Department of Neurology, Bagcilar Research and Training Hospital, Istanbul, Turkey.
Department of Neurology, Istanbul University, Cerrahpasa Faculty of Medicine, Istanbul, Turkey.
Ideggyogy Sz. 2021 Nov 30;74(11-12):409-412. doi: 10.18071/isz.74.0409.
Parry-Romberg syndrome, also known as progressive hemifacial atrophy, is a rare, slowly progressive disorder characterized by unilateral, painless atrophy of the skin and subcutaneous tissue of the face. Neurological manifestations such as epilepsy, migraine and trigeminal neuralgia are relatively common and accompany in 15-20% of cases. Various etiologies such as infection, trauma, embryonic developmental dysfunction, sympathetic dysfunction and autoimmune disorders have been suggested as possible causes. Here we describe a 37-year-old woman whose disease manifested with dynamic contrast enhanced white matter changes over a period of two years, suggesting a "relapsing-remitting" course. Besides the inflammatory activity, positive serum-autoantibodies, inflammatory findings in cerebrospinal fluid, and an overlapping systemic autoimmune disorder may further support the hypothesis of autoimmune-inflammatory mediated pathogenesis.

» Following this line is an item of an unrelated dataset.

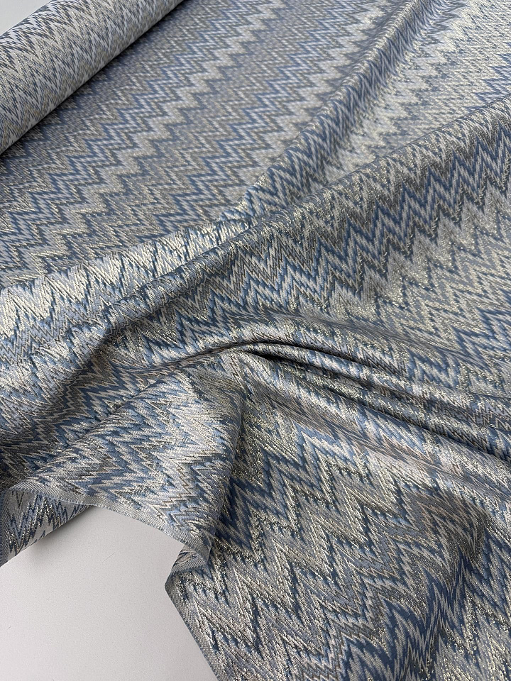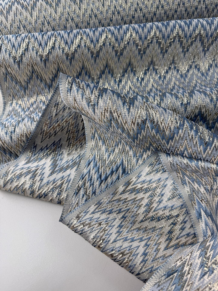 Жаккард с люрексом (н) молочно-голубой с золотом - цена 3 500 ₽ У нас самые доступные цены на Жаккард в Москве, доставка по всей России - интернет магазин тканей Тессутидея. Артикул товара для заказа - 03-7443. Страна производства ткани – Италия. Ширина этого материала - 150. Состав - Полиамид 65% люрекс 35%. Наличие остатков на складе - 6.5 м

进行性半侧颜面萎缩症,又称 Parry-Romberg 综合征,是一种罕见的、缓慢进展性疾病,其特征为单侧、无痛性的面部皮肤及皮下组织萎缩。癫痫、偏头痛和三叉神经痛等神经学表现较为常见,在 15-20%的病例中伴发。感染、创伤、胚胎发育功能障碍、交感神经功能障碍和自身免疫紊乱等多种病因被认为可能与此病相关。本文报道了一位 37 岁女性患者,其疾病在两年内表现为动态对比增强脑白质病变,提示“复发-缓解”病程。除了炎症活动外,血清自身抗体阳性、脑脊液炎症表现以及重叠的系统性自身免疫性疾病可能进一步支持自身免疫-炎症介导发病假说。